Objective: To describe the level of functionality of President’s Emergency Plan for AIDS Relief (PEPFAR)-supported HIV clinical services following the devastating earthquake that struck Haiti in January 2010.
Design: Available program-monitoring data from sites providing voluntary counseling and testing for HIV (VCT), antenatal care (ANC) and prevention of mother-to-child transmission (PMTCT) services, and antiretroviral treatment (ART) were described, comparing pre-earthquake and post-earthquake periods during October 2008 to May 2010.
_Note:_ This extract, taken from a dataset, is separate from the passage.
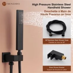 Be the first to review “Mondawe 12-in Celling Mount Thermostatic Rain Shower System With 6 Body Jets – Black” Cancel reply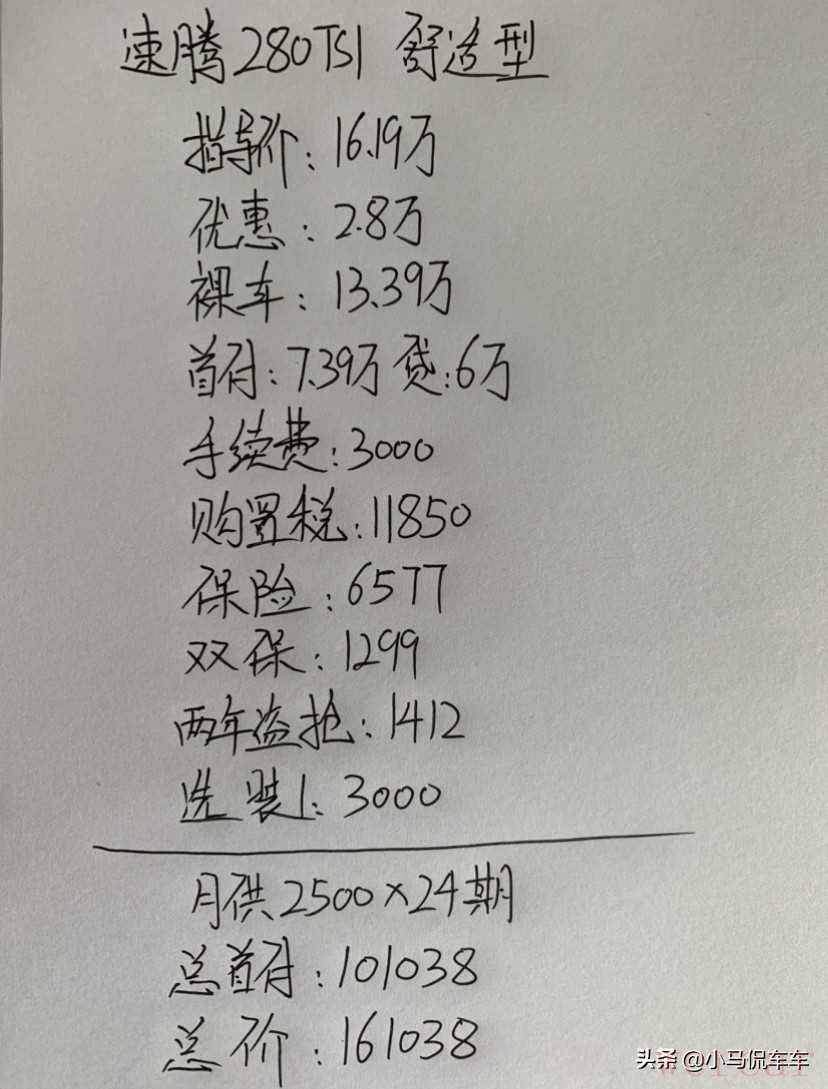 下面简单说一下我们山东济南地区,大众速腾1.4T舒适型的价格供您参考,此价格是2020年5月份正规4S店的报价。速腾1.4T舒适型官方指导价16.19万,贷款买的话,优惠力度在2.8万。全款买优惠力度在2.5万左右。贷款入手裸车价13.39万,首付7.39万贷款6万元,可以享受两年无息。贷款手续费3000块钱,购置税11,850元,保险费用6577元,强制购买双保1299元,包括4次保养。强制购买两年的盗抢险1412元。选装包3000块钱。

Methods: Pre-earthquake HIV service baselines for VCT, PMTCT, and ART enrollment were defined as monthly mean total number of patients served over 15 months pre-earthquake. ART baseline was defined as total current patients by December 2009. Sites were categorized as high-earthquake or low-earthquake intensity based on location and instrumental shake intensity data.
Results: Pre-earthquake mean monthly baselines were 41 087 (VCT), 11 909 (HIV testing at ANC sites), 648 (ART enrollment), and 296 (PMTCT enrollment); baseline total current patients on ART was 24 863. Service provision in January and May 2010, reported as percentage of baseline, was 43 and 78.7% (VCT), 50.8 and 88.7% (HIV testing at ANC), 46 and 81% (PMTCT), and 41 and 82.7% (ART enrollment), respectively. Current patients on ART decreased to 97% of baseline in April, rising to 103.9% by May; the initial decline was restricted to high-earthquake intensity areas.
Conclusion: Following the Haiti earthquake, there was a transient, marked decline in VCT and new ART patient enrollment, whereas follow-up of established ART patients remained impressively high. HIV treatment continuity should be reinforced in disaster preparedness and response strategies in HIV epidemic settings.